Книги

С нами или без нас: Естественная история будущего

22
18
20
22
24
26
28
30

В книге «Происхождение видов» Дарвин писал: «Выражаясь метафорически, можно сказать, что естественный отбор ежедневно и ежечасно расследует по всему свету мельчайшие вариации, отбрасывая дурные, сохраняя и слагая хорошие, работая неслышно и незаметно, где бы и когда бы ни представился к тому случай, над усовершенствованием каждого органического существа по отношению к условиям его жизни, органическим и неорганическим»{156}. В нашем случае Байм увидел работу естественного отбора не в масштабах геологического времени, но за считаные дни. «Мельчайшие вариации» возникали благодаря мутациям – изменениям, затронувшим всего лишь несколько пустяковых букв генома.

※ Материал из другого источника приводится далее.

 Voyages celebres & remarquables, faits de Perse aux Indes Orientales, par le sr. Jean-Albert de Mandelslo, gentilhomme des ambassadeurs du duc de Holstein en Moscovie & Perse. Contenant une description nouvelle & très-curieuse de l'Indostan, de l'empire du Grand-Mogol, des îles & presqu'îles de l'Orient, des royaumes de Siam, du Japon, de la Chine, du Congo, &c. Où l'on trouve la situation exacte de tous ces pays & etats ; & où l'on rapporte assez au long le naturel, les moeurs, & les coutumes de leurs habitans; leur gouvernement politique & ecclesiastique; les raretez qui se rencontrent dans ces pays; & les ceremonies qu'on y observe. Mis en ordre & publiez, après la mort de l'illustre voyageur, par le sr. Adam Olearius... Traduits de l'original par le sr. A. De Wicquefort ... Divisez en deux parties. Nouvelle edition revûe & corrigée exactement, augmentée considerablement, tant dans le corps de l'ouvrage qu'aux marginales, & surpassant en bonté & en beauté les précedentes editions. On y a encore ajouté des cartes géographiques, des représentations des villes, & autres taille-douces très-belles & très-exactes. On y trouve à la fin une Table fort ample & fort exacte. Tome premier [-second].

И они оказывались благотворными – по крайней мере, когда антибиотик присутствовал лишь в малой концентрации. Причем, как предстояло убедиться Байму, естественный отбор еще не завершил свой «неслышный и незаметный» труд.

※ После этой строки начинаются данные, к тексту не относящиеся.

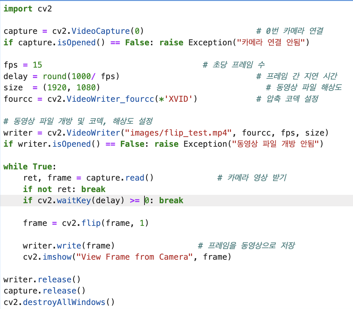 key = cv2.waitKeyEx(100) # 100ms 동안 키 이벤트 대기

В последующие несколько дней мутации затронули меньшее число бактерий; эти новые изменения позволяли им выживать при более высоких концентрациях антибиотика. Естественный отбор благоприятствовал мутантам. Сначала они заполнили третьи полосы мегачашки, а затем то же самое повторилось и с четвертыми полосами. Возникли новые мутанты, с еще большей сопротивляемостью, они и заполонили четвертые полосы. Наконец, спустя полторы недели появилась горстка мутантов, способных выжить даже в центре мегачашки – там, где концентрация антибиотиков была максимальной. Они прорвали последнюю дамбу: всего за 10 дней центральную полосу гигантской чашки Петри наводнила устойчивая жизнь.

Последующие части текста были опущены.